Way back in the early eighties, apple computer was cranking out computer boxes and making a great deal of money at it. Their apple II series of personal computers were functional, well built and practical, although premium priced. They had all but monopolized education and were strong in the home market, but the company hungered after the business sector like an ant after tat's cheese wrappers.

Apple's first attempt to break into business, the apple III, was engineered and fabricated in such a hurried pace that some screws shorted out against the electronics and the machines frequently overheated until their chips jumped right out of their sockets. The company tried to resurrect the machine as the III plus, but buyers quickly correlated the names and refused to buy that model as well.

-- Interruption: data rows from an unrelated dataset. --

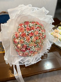 ✅ دسته گل ۶۰ شاخه رز لب ماتیکی و ژیپسوفیلا به همراه کاغذپیچی سفید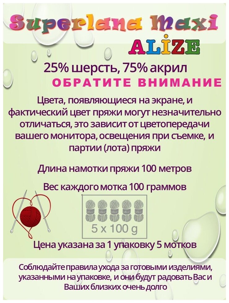 СохранитьПряжа ALIZE SUPERLANA MAXI, яр.зелень - 455, 25% шерсть, 75% акрил, 5 мотков, 100 г., 100 м. интересное: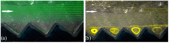 (a) Velocity vectors after post-processing; (b) streamlines in D-Model obtained from BIV analysis (flow direction from left to right).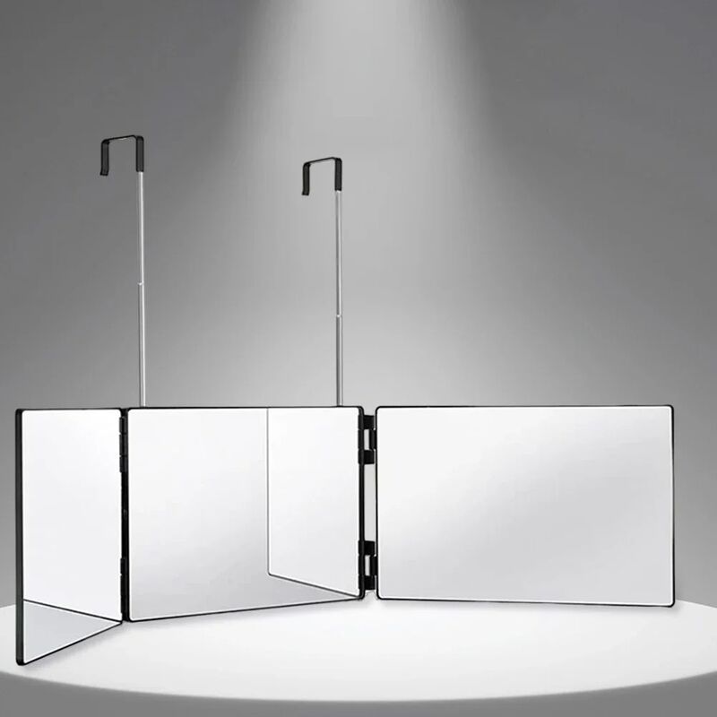 Espejo de 360 grados con LED Espejo de 3 vías Corte automático del cabello 3 lados Maquillaje plegable Espejo con luz ((WH-MR-86)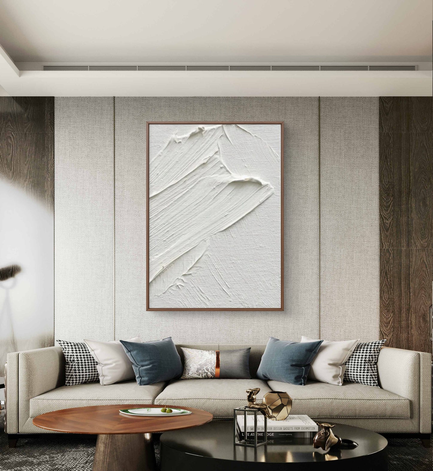 Pittura minimalista della decorazione del soggiorno con struttura bianca 3D
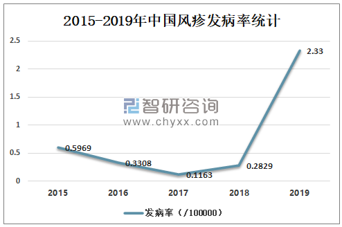2015-2019年中国风疹发病率统计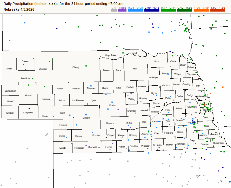 Once you join the Nebraska CoCoRaHS team, your precipitation observations will start showing up daily on our county maps. You will also provide a great service to your community by allowing your friends, neighbors, scientists and others to see how daily precipitation has covered the state. Your reports make a difference!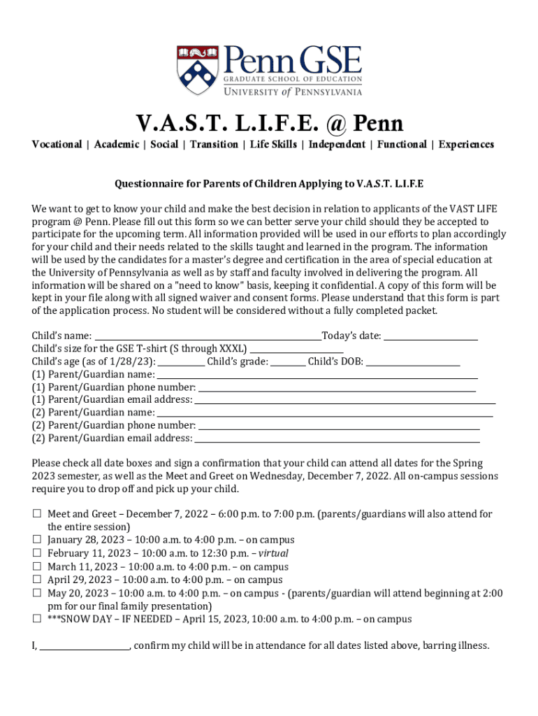 V.A.S.T. L.I.F.E. @ Penn Vocational | Academic | Social | Transition | Life Skills | Independent | Functional | Experiences Questionnaire for Parents of Children Applying to V.A.S.T. L.I.F.E We want

That dismal failure was matched by the very different and very modern lisa, which introduced the very first personal human interface with overlapping windows and a mouse-driven pointer, and reintroduced the apple III's hard drive. Unfortunately, the lisa was so avant-garde that it was priced in the $10,000 range and nobody bought it. The most exposure the lisa ever got was in a backup role in a lame t&a movie, the title of which escapes me. Watch the usa network for several days and I'm sure you'll catch it.

Another group at apple had been working to build a lisa-like computer for an apple II price. Like the lisa, this new computer would have a mouse, windows, and an entirely graphic, black and white screen. Like the apple II, the machine would cost in the range of $2500.

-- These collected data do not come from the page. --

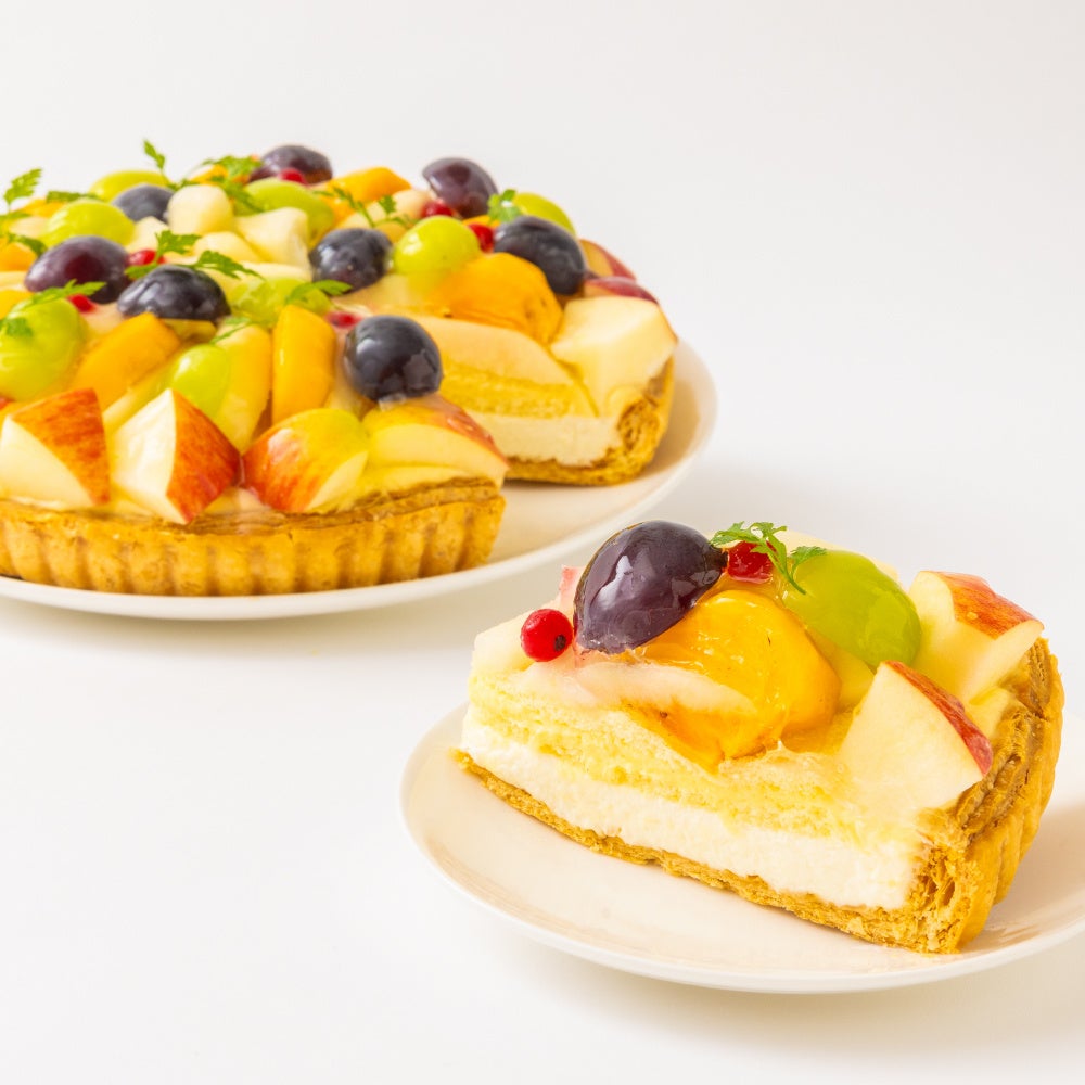 天然のはちみつを使用したムースに、秋に旬を迎える洋梨、ぶどう、柿、りんごを飾った、華やかなタルトです。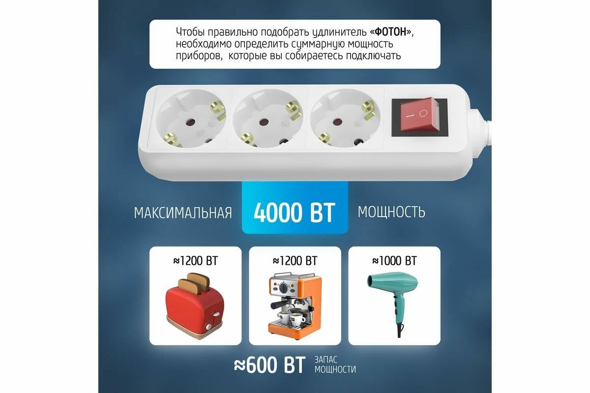 Удлинитель фотон 16-23ЕS, 3 розетки, с/з, 16А / 4000 Вт белый 2 м 3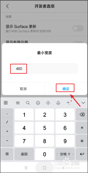 呈现“最小宽度”窗口,输入你要设置的dpi值,好比:460,再点击【确定】。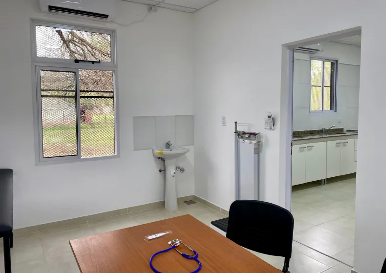 El CAPS inaugurado dispone de un consultorio con actividades de enfermería (tendrá 2 enfermeras), farmacia, heladeras para mantener la cadena de frío de vacunas; provisión de agua potable. Cuenta con sanitarios tanto para el personal como para el público por fuera del área de servicios técnicos.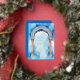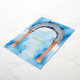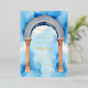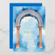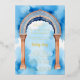 Exquisite Indian Architecture Arch Watercolor in Blue Shades Background Naming Ceremony Metallic Foil Invitation Card.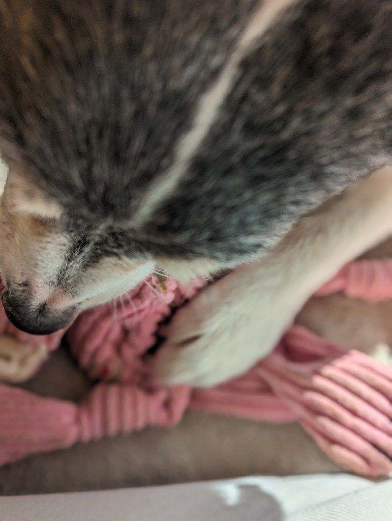 Bruce has shown some artistic talent recently, remodeling the pink tug bunny into a model with no squeaker and no head.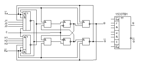 Триггер организован по принципу ведущий-ведомый и имеет по 3 входа J и K, связанных операцией &, синхронный вход С, а также асинхронные входы

The macintosh was born. The new mac was so different from anything else that instead of being released to a skeptic audience of computer nerds at a trade show, it debuted with a now classic super bowl commercial that didn't even show the machine. The computer geeks were so offended by the slight that they vilified the mac and its graphics for years until microsoft copied a similar interface for them to put on their own kit at home.

I remember hating the mac. It's price was way out of range for a poor white trash kid like me, and it took attention away from the apples I already knew how to run and program. Fortunately, my hatred runs thin and shallow, because after I got my first real exposure to work on them, I went nuts with the new mac religion and sailed the first wave of modern technology: desktop publishing. It satisfied my perfectionist art for making things work exactly as I wanted, and empowered me to laser print my earliest ideas on paper. It also put me in great debt.

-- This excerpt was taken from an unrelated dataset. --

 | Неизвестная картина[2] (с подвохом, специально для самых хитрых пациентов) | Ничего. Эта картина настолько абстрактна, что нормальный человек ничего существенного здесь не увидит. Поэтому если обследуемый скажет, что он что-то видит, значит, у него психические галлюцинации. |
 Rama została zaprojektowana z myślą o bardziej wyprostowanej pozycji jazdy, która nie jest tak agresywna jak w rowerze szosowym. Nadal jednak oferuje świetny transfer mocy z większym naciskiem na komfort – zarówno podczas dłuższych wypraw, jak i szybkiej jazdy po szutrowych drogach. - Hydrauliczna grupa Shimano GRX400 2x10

Just when the mac was getting mainstream, apple's cofounder and certainly the strongest personality behind the mac, steve jobs, left the company to start the next big thing. He built a company to sell a workstation class computer system that went far beyond the economical macintosh project. It supported four shades of gray instead of just black and white, so images on the display were photographic instead of simple icons. It had a powerful operating system that blew fifteen years beyond any competition of the time, and used a new object oriented framework of abstracted classes for its application programming.

Next's application frameworks have still not been copied with any real success; ibm, hp and apple worked for years and spent millions on reinventing next's technology wheel at taligent. Sun worked with next, and then later ripped off next's futuristic system of frameworks in a product they call java, which later incorporated bits of taligent. Even worse, java started a decade of bad coffee-pun product branding in the computer industry.

The rival macintosh, back at apple, first moved to color with a new model that cost upwards of $6000. The more colors, the more thousands. Color was outrageously expensive to do right at the time. Other pc's were doing crappy color for less, but the macintosh's quality color made it a better fit for businesses requiring accurate color rendering and matching, such as digital effects, photoediting and publishing.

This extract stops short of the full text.